Animal study reveals new way to repair damage with natural tissue
THURSDAY, Feb. 4 (HealthDay News) -- A new nanofiber gel that promotes cartilage growth in joints has been developed by U.S. researchers.
The material is injected into the damaged joint and stimulates bone marrow stem cells to produce natural cartilage, without the need for expensive growth factors. No current therapy can do this, according to the researchers, from Northwestern University.
Many people -- including amateur and professional athletes and older adults -- have damaged cartilage, which can lead to joint pain and loss of physical function and eventually to osteoarthritis.

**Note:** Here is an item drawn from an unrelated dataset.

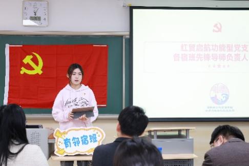 紅貿(mào)啟航功能型黨支部各宿班先鋒導(dǎo)師負(fù)責(zé)人依次作階段性工作匯報(bào)。各宿班先鋒導(dǎo)師通過(guò)線上線下多形式交流實(shí)現(xiàn)新生幫扶的積極成效,同時(shí)針對(duì)現(xiàn)存問(wèn)題提出精準(zhǔn)對(duì)接需求、創(chuàng)新活動(dòng)載體、加強(qiáng)聯(lián)動(dòng)協(xié)作等改進(jìn)計(jì)劃。
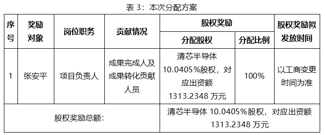 依据《松山湖材料实验室科技成果转化管理办法》第十六条规定,材料实验室获得清芯半导体13.6205%的股权中的73.7160%作为股权奖励,合计1313.2348万元,占清芯半导体10.0405%的股权。11项职务科技成果的发明人包括张安平、夏经华、陈昭铭、殷鸿杰、袁朝城、罗惠馨、刘鸣然,其中夏经华、陈昭铭、殷鸿杰、袁朝城、罗惠馨、刘鸣然已书面放弃对上述职务科技成果转化的收益。本次分配的具体方案如下:

"Cartilage does not regenerate in adults. Once you are fully grown, you have all the cartilage you'll ever have," the study's lead author, Ramille N. Shah, an assistant professor of materials science and engineering at the McCormick School of Engineering and Applied Science and assistant professor of orthopedic surgery at the Feinberg School of Medicine, said in a university news release.
The nanoscopic material prompts stem cells in bone marrow to produce cartilage containing type II collagen and repair the damaged joint, the researchers explained. Type II collagen is the major protein in articular cartilage, which is the smooth, white connective tissue that covers the ends of bones where they meet to form joints.
"A procedure called microfracture is the most common technique currently used by doctors, but it tends to produce a cartilage having predominately type I collagen, which is more like scar tissue," Shah said.
In the microfracture procedure, small holes are drilled in the bone beneath the damaged cartilage to create a new blood supply to stimulate the growth of new cartilage.
Tests in lab animals showed that the nanoscopic material produced better results than the microfracture procedure alone, the researchers said.
The study was published online in this week's Proceedings of the National Academy of Sciences.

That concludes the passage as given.